What is being asked: Nothing but the lines below from the one holding "Conexiune oarbă unică" up to and including the one holding "హైదరాబాద్ లో సరోగసి" should be copied, exactly and without pictures.

----------

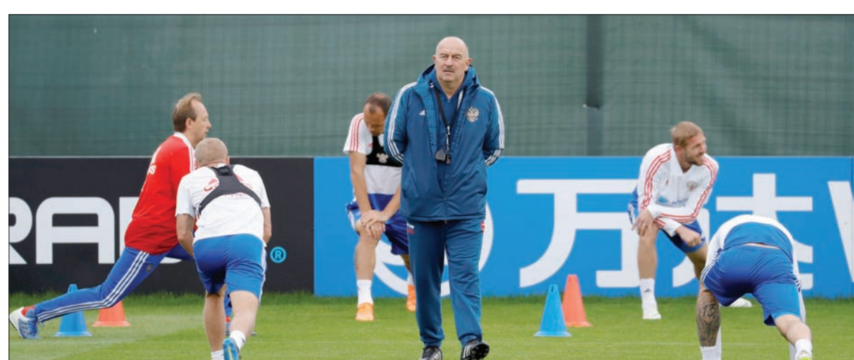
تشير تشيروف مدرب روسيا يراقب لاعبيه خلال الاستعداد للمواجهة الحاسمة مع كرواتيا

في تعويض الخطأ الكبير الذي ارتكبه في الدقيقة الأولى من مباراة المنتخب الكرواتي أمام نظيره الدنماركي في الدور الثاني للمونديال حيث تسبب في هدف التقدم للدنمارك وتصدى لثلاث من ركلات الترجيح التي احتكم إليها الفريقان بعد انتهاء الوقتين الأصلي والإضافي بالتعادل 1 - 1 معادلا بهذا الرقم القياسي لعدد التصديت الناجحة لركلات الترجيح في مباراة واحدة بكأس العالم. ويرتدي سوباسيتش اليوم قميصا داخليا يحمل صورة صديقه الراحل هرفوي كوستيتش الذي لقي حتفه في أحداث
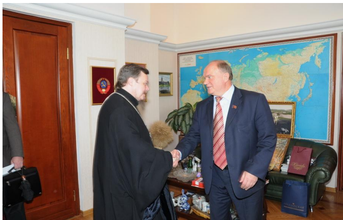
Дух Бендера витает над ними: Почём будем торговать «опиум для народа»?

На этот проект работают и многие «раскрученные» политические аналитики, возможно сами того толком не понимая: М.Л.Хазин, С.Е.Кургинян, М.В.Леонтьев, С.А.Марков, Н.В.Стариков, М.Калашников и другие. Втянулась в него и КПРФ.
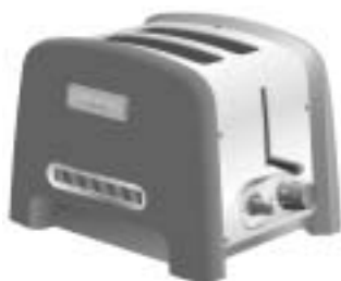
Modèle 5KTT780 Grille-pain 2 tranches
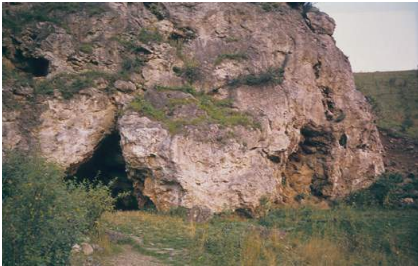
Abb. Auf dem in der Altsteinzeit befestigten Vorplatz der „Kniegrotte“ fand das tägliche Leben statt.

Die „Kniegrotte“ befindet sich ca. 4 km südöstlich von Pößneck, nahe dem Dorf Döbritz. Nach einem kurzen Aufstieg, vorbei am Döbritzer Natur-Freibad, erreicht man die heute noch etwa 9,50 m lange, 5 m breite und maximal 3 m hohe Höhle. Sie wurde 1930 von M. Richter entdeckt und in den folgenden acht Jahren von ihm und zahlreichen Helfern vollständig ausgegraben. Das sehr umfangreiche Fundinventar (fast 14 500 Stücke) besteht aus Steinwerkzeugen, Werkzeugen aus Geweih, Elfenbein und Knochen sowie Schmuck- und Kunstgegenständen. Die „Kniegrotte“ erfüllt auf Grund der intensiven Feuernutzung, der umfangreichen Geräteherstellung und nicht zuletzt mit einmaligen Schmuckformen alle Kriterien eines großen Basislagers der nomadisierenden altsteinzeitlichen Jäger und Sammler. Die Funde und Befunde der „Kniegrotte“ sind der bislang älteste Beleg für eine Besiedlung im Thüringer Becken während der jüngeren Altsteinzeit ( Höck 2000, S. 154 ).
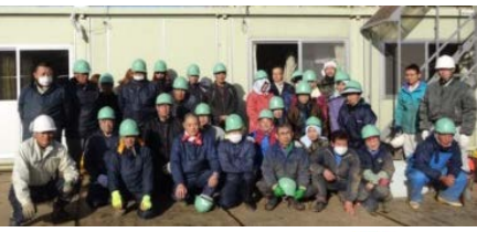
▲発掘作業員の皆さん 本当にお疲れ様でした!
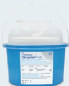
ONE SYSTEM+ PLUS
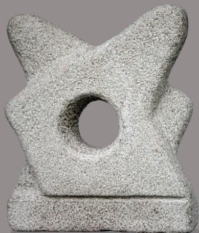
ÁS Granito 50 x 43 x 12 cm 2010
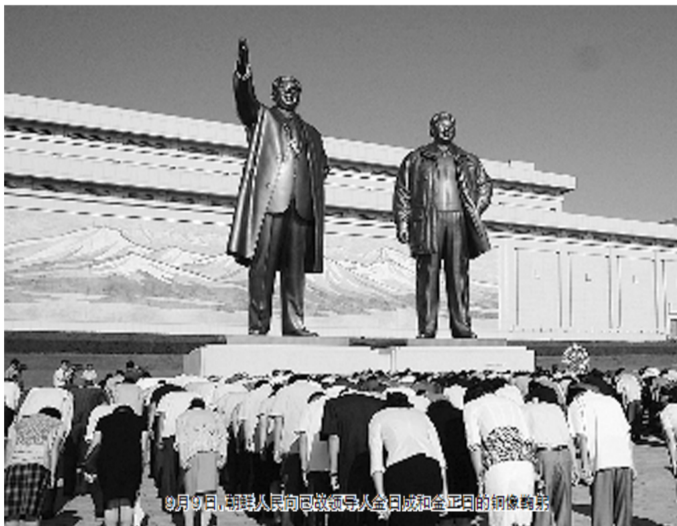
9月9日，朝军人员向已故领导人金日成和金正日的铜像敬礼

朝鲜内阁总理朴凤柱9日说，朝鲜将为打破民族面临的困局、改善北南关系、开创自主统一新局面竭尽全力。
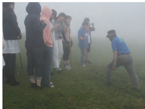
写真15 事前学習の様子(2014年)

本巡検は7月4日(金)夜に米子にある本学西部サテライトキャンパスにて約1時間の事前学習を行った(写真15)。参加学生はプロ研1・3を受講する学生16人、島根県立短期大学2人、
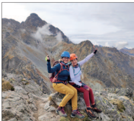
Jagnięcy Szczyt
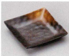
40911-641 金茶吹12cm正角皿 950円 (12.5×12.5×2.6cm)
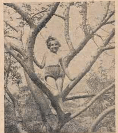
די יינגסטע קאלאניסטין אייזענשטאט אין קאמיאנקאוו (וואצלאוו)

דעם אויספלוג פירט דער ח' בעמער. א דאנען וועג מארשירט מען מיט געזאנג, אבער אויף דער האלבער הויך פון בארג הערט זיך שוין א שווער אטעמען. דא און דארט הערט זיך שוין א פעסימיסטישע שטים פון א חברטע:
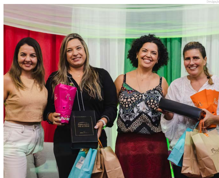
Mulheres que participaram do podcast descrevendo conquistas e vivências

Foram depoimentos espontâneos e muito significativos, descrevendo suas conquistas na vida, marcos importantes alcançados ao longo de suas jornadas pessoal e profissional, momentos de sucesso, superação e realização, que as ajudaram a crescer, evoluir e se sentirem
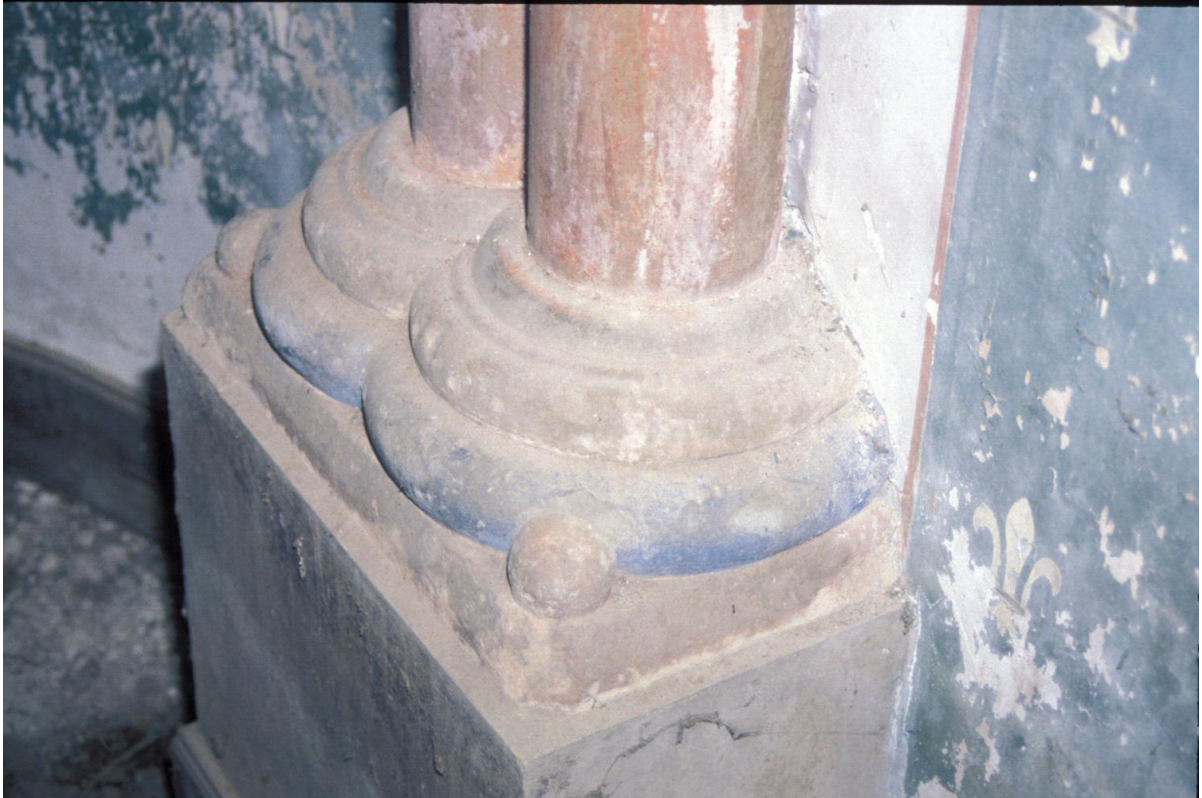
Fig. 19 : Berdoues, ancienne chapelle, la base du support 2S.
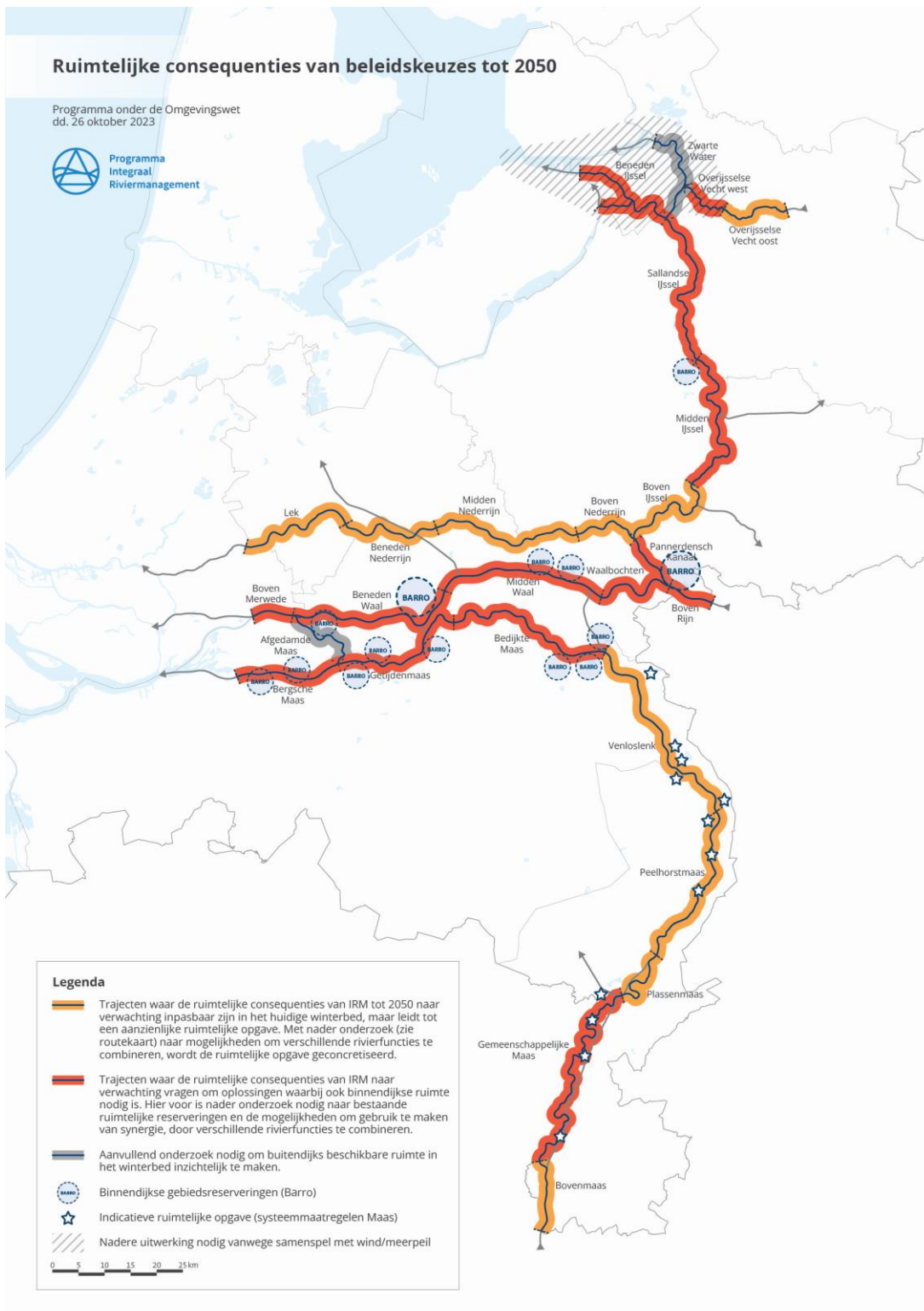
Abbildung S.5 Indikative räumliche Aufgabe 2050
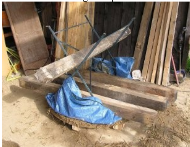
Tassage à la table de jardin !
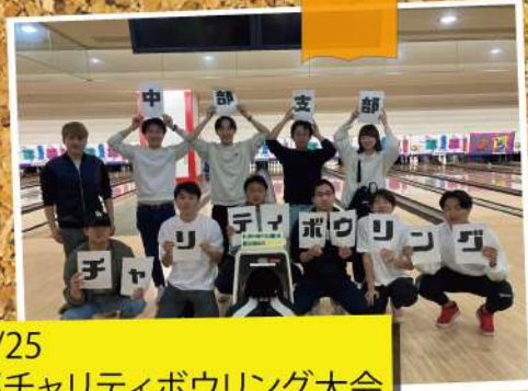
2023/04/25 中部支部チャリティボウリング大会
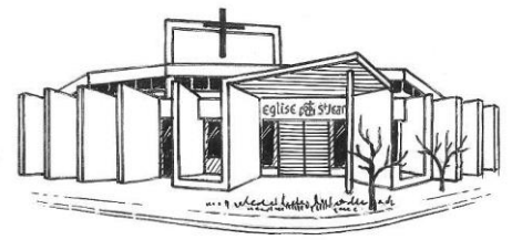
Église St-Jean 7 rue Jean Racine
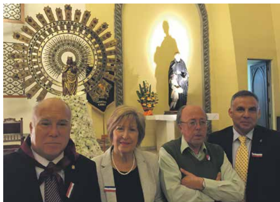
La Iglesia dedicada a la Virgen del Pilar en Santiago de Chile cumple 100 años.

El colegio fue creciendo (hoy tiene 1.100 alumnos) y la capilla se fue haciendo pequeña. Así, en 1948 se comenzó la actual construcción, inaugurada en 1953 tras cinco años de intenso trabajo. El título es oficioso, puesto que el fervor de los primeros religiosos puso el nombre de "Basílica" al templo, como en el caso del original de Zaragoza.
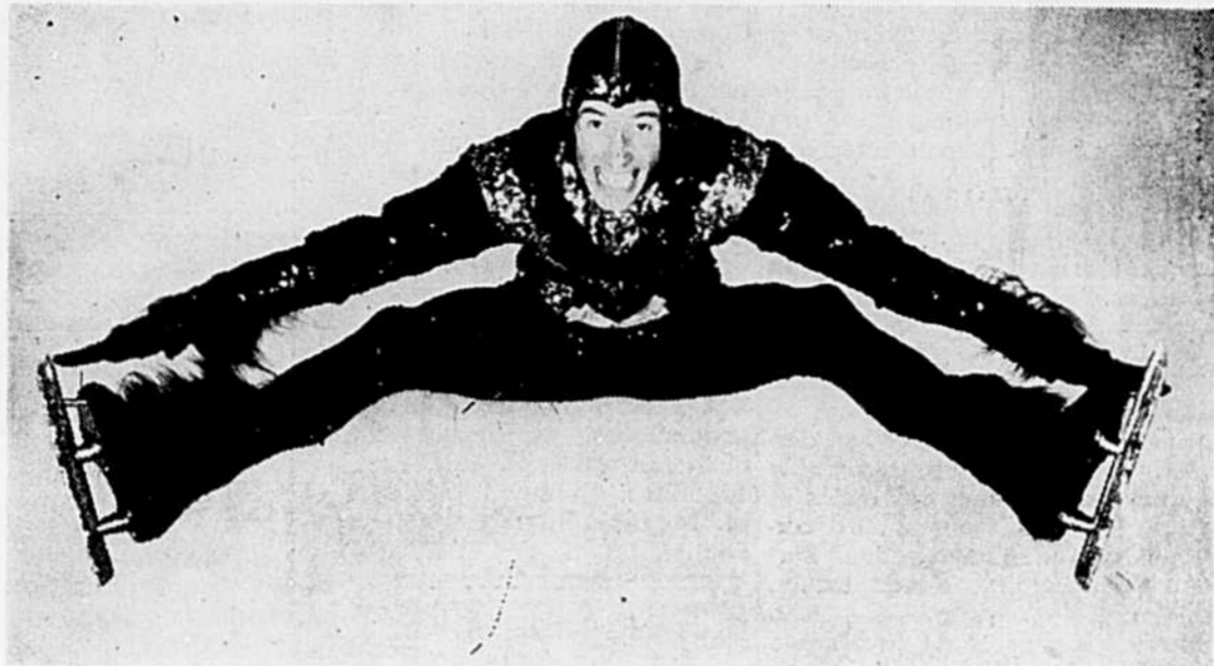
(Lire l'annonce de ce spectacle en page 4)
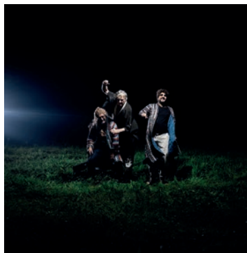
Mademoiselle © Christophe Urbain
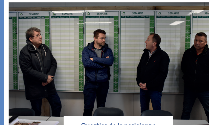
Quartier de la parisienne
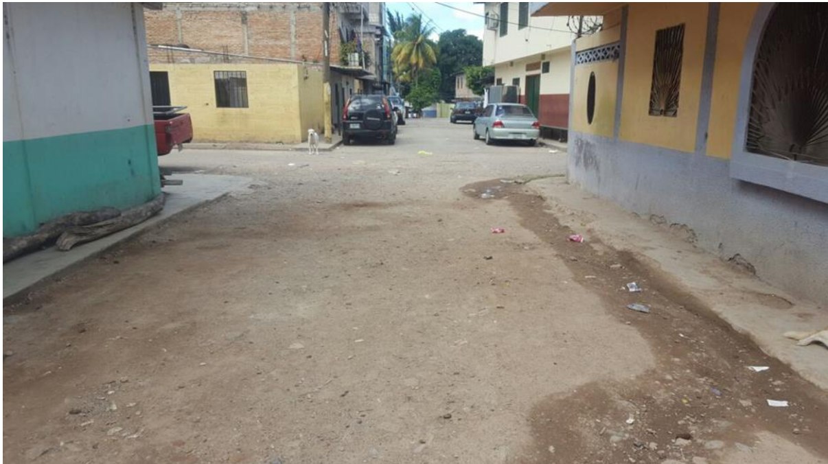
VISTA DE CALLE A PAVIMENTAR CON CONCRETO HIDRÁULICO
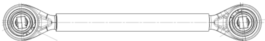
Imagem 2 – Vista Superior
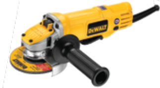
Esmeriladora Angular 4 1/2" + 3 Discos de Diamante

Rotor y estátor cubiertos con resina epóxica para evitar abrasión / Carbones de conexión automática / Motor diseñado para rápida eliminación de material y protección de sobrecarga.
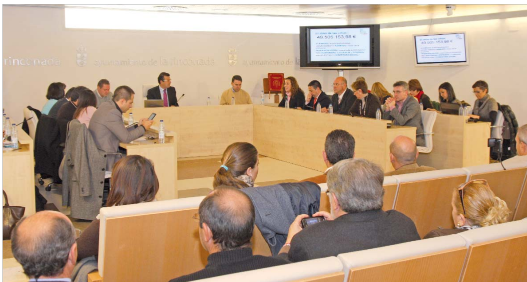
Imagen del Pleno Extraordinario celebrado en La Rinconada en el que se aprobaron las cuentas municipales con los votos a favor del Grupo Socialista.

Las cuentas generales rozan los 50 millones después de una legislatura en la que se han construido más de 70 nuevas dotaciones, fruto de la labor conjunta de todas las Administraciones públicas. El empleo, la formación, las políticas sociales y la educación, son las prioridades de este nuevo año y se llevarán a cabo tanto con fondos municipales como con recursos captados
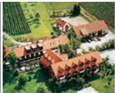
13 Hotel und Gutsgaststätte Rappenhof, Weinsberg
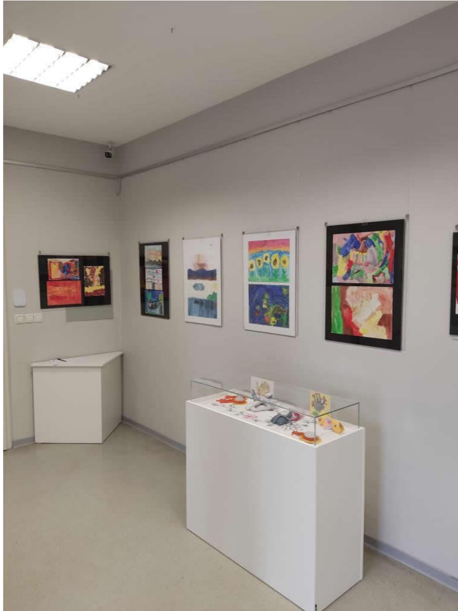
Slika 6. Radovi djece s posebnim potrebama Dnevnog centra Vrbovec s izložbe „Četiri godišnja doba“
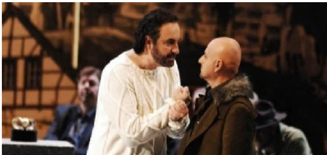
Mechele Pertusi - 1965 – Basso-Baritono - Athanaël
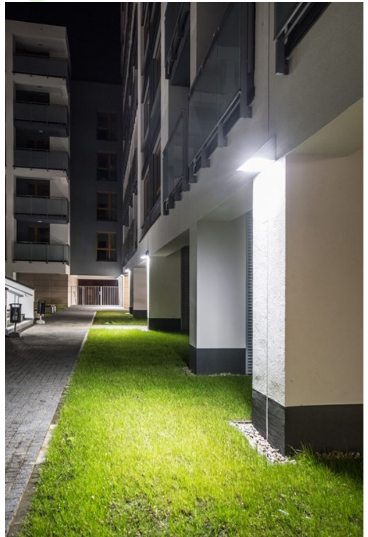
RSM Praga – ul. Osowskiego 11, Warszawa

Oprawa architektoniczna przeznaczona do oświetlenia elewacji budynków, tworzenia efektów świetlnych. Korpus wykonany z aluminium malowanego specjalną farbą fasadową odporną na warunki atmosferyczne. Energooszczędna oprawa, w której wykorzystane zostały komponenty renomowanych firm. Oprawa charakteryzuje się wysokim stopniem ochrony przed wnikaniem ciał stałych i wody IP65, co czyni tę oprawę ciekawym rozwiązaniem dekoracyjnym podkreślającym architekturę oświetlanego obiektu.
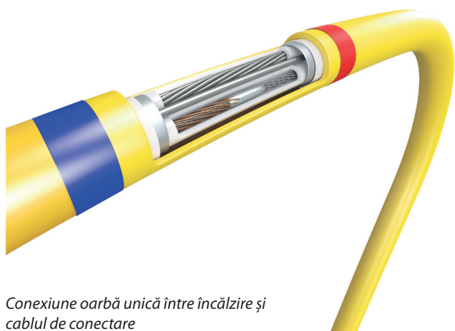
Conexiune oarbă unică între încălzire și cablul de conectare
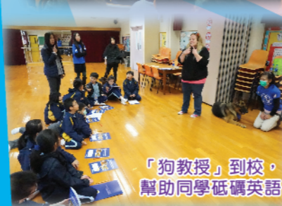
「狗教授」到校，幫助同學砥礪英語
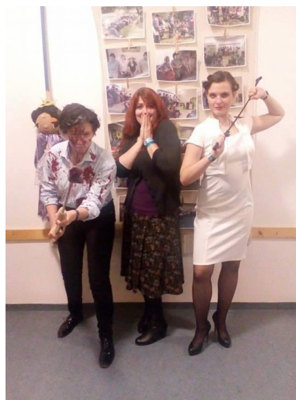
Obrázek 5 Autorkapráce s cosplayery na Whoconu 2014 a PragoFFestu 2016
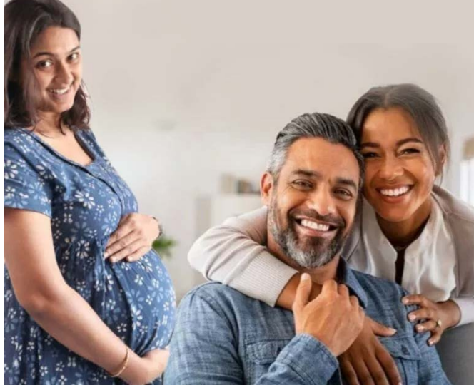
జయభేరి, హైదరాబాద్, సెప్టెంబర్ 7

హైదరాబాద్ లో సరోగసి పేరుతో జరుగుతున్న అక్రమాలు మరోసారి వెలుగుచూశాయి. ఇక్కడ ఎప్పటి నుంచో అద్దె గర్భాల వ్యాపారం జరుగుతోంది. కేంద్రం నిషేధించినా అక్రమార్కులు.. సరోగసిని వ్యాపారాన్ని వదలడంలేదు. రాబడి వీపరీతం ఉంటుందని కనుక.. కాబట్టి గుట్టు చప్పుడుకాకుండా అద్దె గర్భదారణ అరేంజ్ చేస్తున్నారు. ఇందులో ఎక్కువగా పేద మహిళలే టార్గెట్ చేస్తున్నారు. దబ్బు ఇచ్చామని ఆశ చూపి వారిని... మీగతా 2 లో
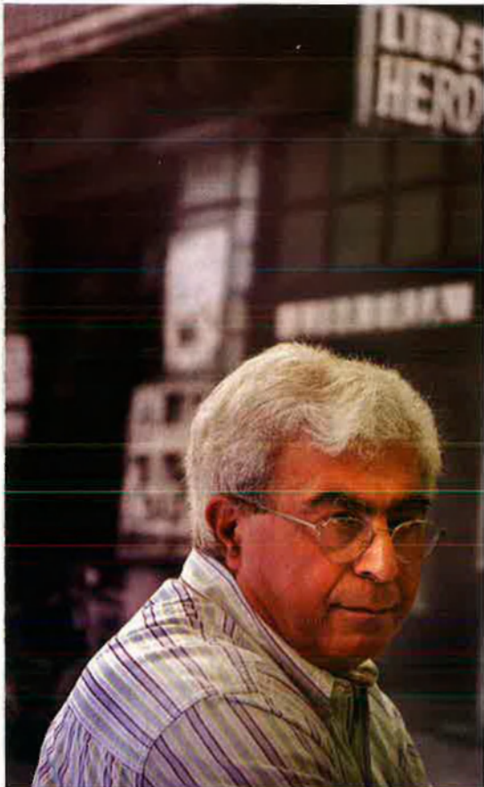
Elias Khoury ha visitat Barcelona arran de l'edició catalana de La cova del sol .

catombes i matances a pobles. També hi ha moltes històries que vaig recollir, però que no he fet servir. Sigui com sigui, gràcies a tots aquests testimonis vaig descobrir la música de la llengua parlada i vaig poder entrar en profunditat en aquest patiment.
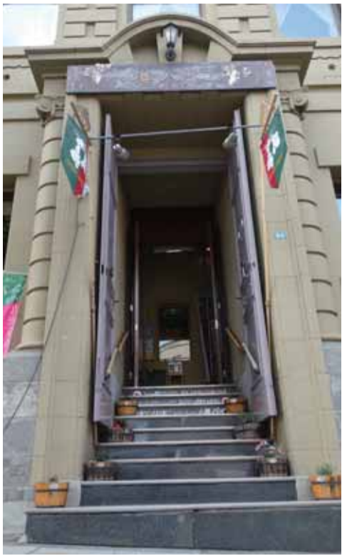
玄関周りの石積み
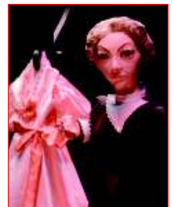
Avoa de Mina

----------

Expected output:
Conexiune oarbă unică între încălzire și cablul de conectare
「狗教授」到校，幫助同學砥礪英語
Obrázek 5 Autorkapráce s cosplayery na Whoconu 2014 a PragoFFestu 2016
జయభేరి, హైదరాబాద్, సెప్టెంబర్ 7

హైదరాబాద్ లో సరోగసి పేరుతో జరుగుతున్న అక్రమాలు మరోసారి వెలుగుచూశాయి. ఇక్కడ ఎప్పటి నుంచో అద్దె గర్భాల వ్యాపారం జరుగుతోంది. కేంద్రం నిషేధించినా అక్రమార్కులు.. సరోగసిని వ్యాపారాన్ని వదలడంలేదు. రాబడి వీపరీతం ఉంటుందని కనుక.. కాబట్టి గుట్టు చప్పుడుకాకుండా అద్దె గర్భదారణ అరేంజ్ చేస్తున్నారు. ఇందులో ఎక్కువగా పేద మహిళలే టార్గెట్ చేస్తున్నారు. దబ్బు ఇచ్చామని ఆశ చూపి వారిని... మీగతా 2 లో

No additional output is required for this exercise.